*** PROVIDED DATA Section Begins ***

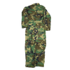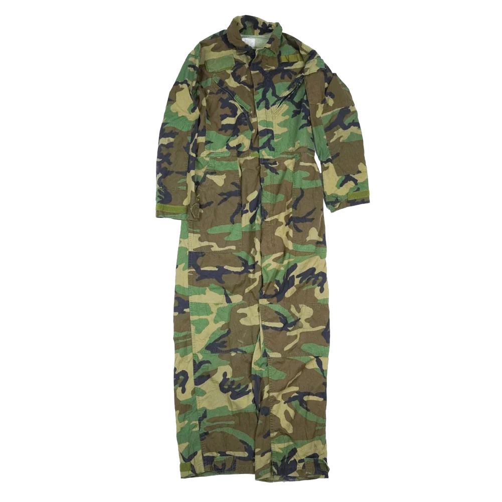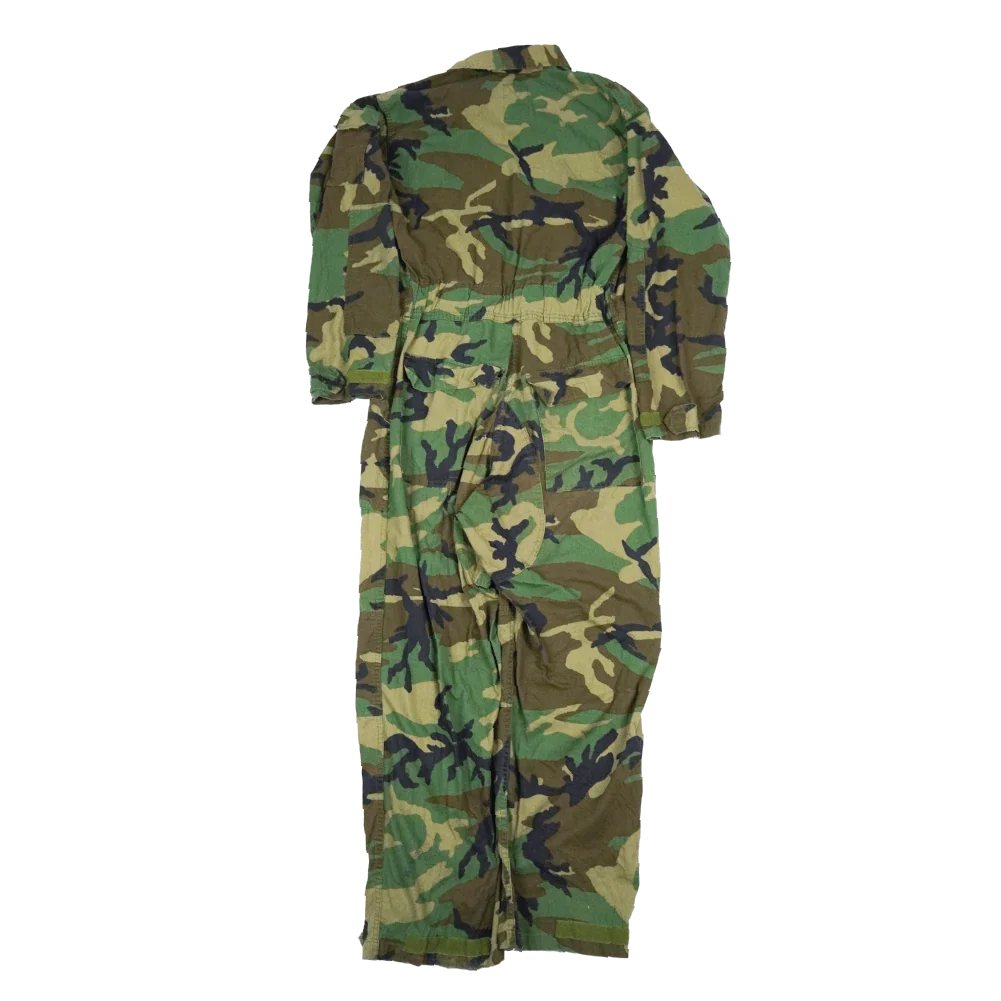 USGI mechanics coveralls in woodland camouflage pattern. Manufactured in 1996. One-piece coverall construction with multiple storage pockets and adjustable cuffs.
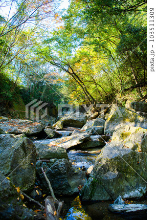 紅葉した渓谷
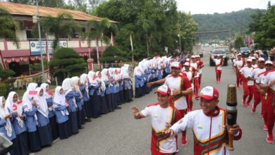 Ribuan Pelajar Aceh Selatan Turun ke Jalan Sambut Kirab Api PON 2024
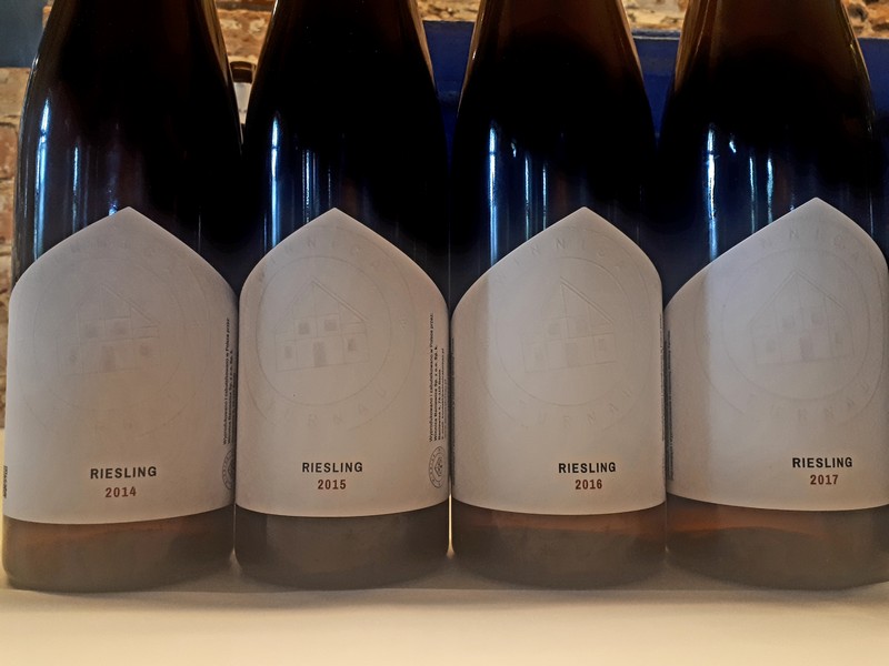 Riesling z 2014 jest już w swoim szczycie, a nawet już delikatnie po nim. Świadczy o tym spora warzywność i niedostatek owocu. 2015 jest najbardziej mocarny wśród nich. Owoc jest słodki, uzupełniony słodkimi aromatami trzeciorzędowymi - miodem, woskiem i petrolem. 2016 zaskakuje powściągliwością owocu i intensywności. Pięknie wybrzmiewa tu mineralność. 2017 z kolei jest tropikalny, egzotyczny i wykazuje początek pięknej ewolucji.
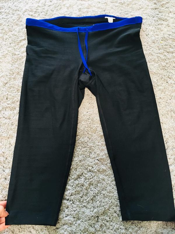 Спортивні лосіни дуже класної якості. Стан нових. Розмір S. На попу до 96 см будуть ідеально. Плотненькі, не просвічують. Є ззаду внутрішня маленька кишенька. Колись зверху була спідничка, але вона обрізана. Дефектів немає. Якщо носити під майку - футболку нічого не буде помітно.
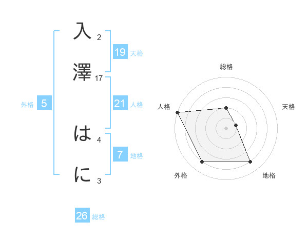入澤 はにさんの総格は26画の2点!

*** PROVIDED DATA Section Ends ***

Repeat the material above in full and exactly, omitting the pictures.

 USGI mechanics coveralls in woodland camouflage pattern. Manufactured in 1996. One-piece coverall construction with multiple storage pockets and adjustable cuffs.
 紅葉した渓谷
 Ribuan Pelajar Aceh Selatan Turun ke Jalan Sambut Kirab Api PON 2024
 Riesling z 2014 jest już w swoim szczycie, a nawet już delikatnie po nim. Świadczy o tym spora warzywność i niedostatek owocu. 2015 jest najbardziej mocarny wśród nich. Owoc jest słodki, uzupełniony słodkimi aromatami trzeciorzędowymi - miodem, woskiem i petrolem. 2016 zaskakuje powściągliwością owocu i intensywności. Pięknie wybrzmiewa tu mineralność. 2017 z kolei jest tropikalny, egzotyczny i wykazuje początek pięknej ewolucji.
 Спортивні лосіни дуже класної якості. Стан нових. Розмір S. На попу до 96 см будуть ідеально. Плотненькі, не просвічують. Є ззаду внутрішня маленька кишенька. Колись зверху була спідничка, але вона обрізана. Дефектів немає. Якщо носити під майку - футболку нічого не буде помітно.
入澤 はにさんの総格は26画の2点!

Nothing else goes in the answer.